Of course I like a good middle-of-the-night mental torment session as much as the next person, but I was nevertheless relieved when my evening disruptions changed in a way that was both strange and pleasant. I began to experience a phenomenon that I can't explain; it falls somewhere between wishful thinking and spirituality, the natural and the supernatural. Whatever it is, I'm in no hurry for it to cease.

Here's what's happened: I live in a small town, in an old neighborhood on a quiet street. During the past few months, a couple of times a week, I emerge from my nighttime slumber, but before the anxiety engine builds up a head of steam, I hear, clearly and distinctly, breathing --- right there in the room with me. And as I come fully awake and listen I recognize it as the slow, measured inhale and exhale of my giant dog, a 200-pound shaggy, black, extremely amiable Newfoundland, who doesn't sleep so much as go into a coma.
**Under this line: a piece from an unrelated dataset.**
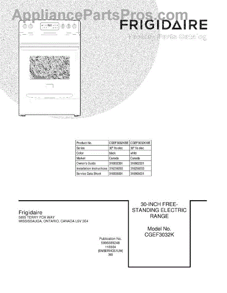 Parts for Frigidaire CGEF3032KBE: 01 - Cover Parts
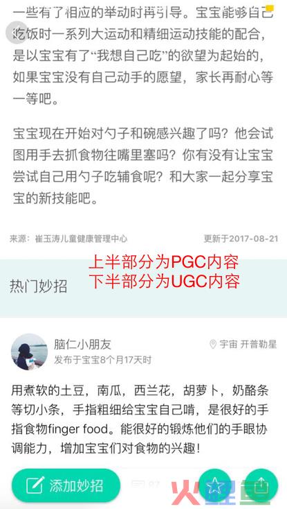 产品刚上线时,大部分的PGC内容下都会有几个质量比较高的妙招,是关于该主题下的用户经验总结,猜想是崔玉涛团队邀请了一批高质粉丝完成了内容初始化的运营,这在一定程度上告诉了用户好的妙招标准是怎样的,鼓励用户按照此发布自己的育儿经验。

Sometimes he'll shift and paw the carpet, snag his nail and shake it loose, but he never really comes to consciousness. In and out he breathes with soothing metronome regularity. His utter calm is contagious, and in no more than a few minutes, I drift back to sleep. On several occasions, I've heard him out in the living room or in the kitchen --- he tends to migrate between the same three or four spots through the night, never entirely waking up as he moves --- walking slowly and heavily to a new resting place, maybe turning a few times, then letting himself fall to the floor with a soft thud. I've always found it comforting to hear this great, laid-back creature that resembles a miniature buffalo moving about at night. And I still do.

The odd part is he died nearly five months ago.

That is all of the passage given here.